Ibrahima Thiam, "Mame Ndeuk Daour Mbaye", 2020
(6 Mart'a kadar, Pera Müzesi)
Independent Curators International[Uluslararası Bağımsız Küratörler](ICI) girişiminin "Yarına Notlar" isimli sergisinde farklı ülkelerden 25 sanatçının Covid-19 pandemisiyle başlayan yeni küresel gerçekliği yansıtan eserleri yer alıyor. Mevcut kriz ortamında çağdaş kültürdeki değerleri ve ilişkileri sorgulamak, yeniden değerlendirmek ve bugün görülmesinin önemli olduğuna inandıkları eserleri paylaşmak üzere 25 ülkeden 25 küratör bu sergi için bir araya geliyor. Pera Müzesi'nde ziyaret edilebilecek "Yarına Notlar", küresel bir çağda, kolektif hafızanın inşasında sanatın potansiyel gücünü ele alıyor. Ayrıca sergi kapsamında sanatçı Cao Guimares, Shezad Dawood ve Daniela Ortiz'in videoları izleyicilerle buluşturuluyor. Sergi boyunca her Cumartesi Pera Müzesi Oditoryumu'nda gösterilecek eserler, yeni küresel gerçekliği sanatçıların merceğinden gözler önüne sererken, dünyanın ve insanlığın geleceğini yeniden düşünmeye davet ediyor.
(27 Mart'a kadar, Meşher)
Deniz Artun'un küratörlüğünde gerçekleşen "Ben-Sen-Onlar: Sanatçı Kadınların Yüzyılı" sergisi yaklaşık 1850–1950 arasında Türkiye'de yaşamış ve yaratmış sanatçı kadınların eserlerinden bir seçkiye yer veriyor. Meşher'in üç katında gerçekleşen sergide, 117 sanatçıdan 232 eser yer alıyor. "Ben-Sen-Onlar", ismini Şükran Aziz'in sergideki bir eserinden alıyor. Sergi, çoğunluğu "ben"leşememiş ve dolayısıyla sanat tarihi tarafından kaydedilmemiş kadınları tek tek fark etmenin yanı sıra, kolektif bir "biz"in oluşabilme koşullarını da araştırıyor.
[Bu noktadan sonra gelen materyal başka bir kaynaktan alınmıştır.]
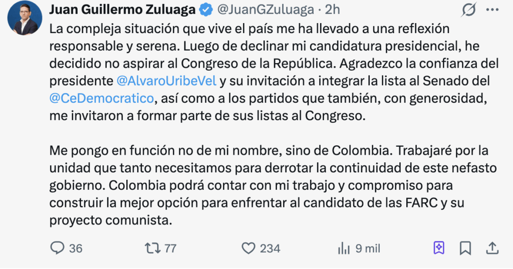 “La compleja situación que vive el país me ha llevado a una reflexión responsable y serena. Luego de declinar mi candidatura presidencial, he decidido no aspirar al Congreso de la República”, afirmó Zuluaga al abrir su mensaje, en el que señala que su decisión proviene de una evaluación del momento político nacional y de los desafíos que se presentan en el corto plazo.

Aynı zamanda bu sergi ile "biz"e yapılan çağrı kapsamında, Meşher ve MUBI iş birliğiyle A. Lily Aminpour, Haifaa Al-Mansour, Naziha Arebi, Kim Bora, Caroline Champetier, Barbara Hammer, Kim Cho-Hee, Joanna Hogg, Nadine Labaki, Azra Deniz Okyay, Agnès Varda ve Chloé Zhao gibi kadın yönetmenlerin filmlerinden oluşan özel bir seçki hazırlandı. "Ben-Sen-Onlar: Sanatçı Kadınların Yüzyılı" sergisinin küratoryal bakış açısından hareketle seçilen 12 film, MUBI'de "Ben-Sen-Onlar" kodu ile giriş yapılarak izlenebilir.
Candeğer Furtun
(17 Nisan'a kadar, Arter)
Küratörlüğünü Selen Ansen'in üstlendiği sergi, sanatçının 1960'lı yıllardan bu yana ürettiği seramik ağırlıklı heykellerden ve nesnelerden oluşan geniş bir seçkiyi üretim süreçlerine eşlik eden arşiv malzemeleriyle buluşturuyor. Candeğer Furtun'un altmış yıla yayılan üretimini kapsayan ve sanatçının seramiğe dair özgün yaklaşımlarını sunarken pratiğinin yaşamsal, felsefi, tarihsel, toplumsal ve siyasi sorunsallardan beslenen katmanlarına da ışık tutan ilk retrospektif sergisi, 17 Nisan 2022'ye kadar Arter'de sanatseverlerle buluşacak.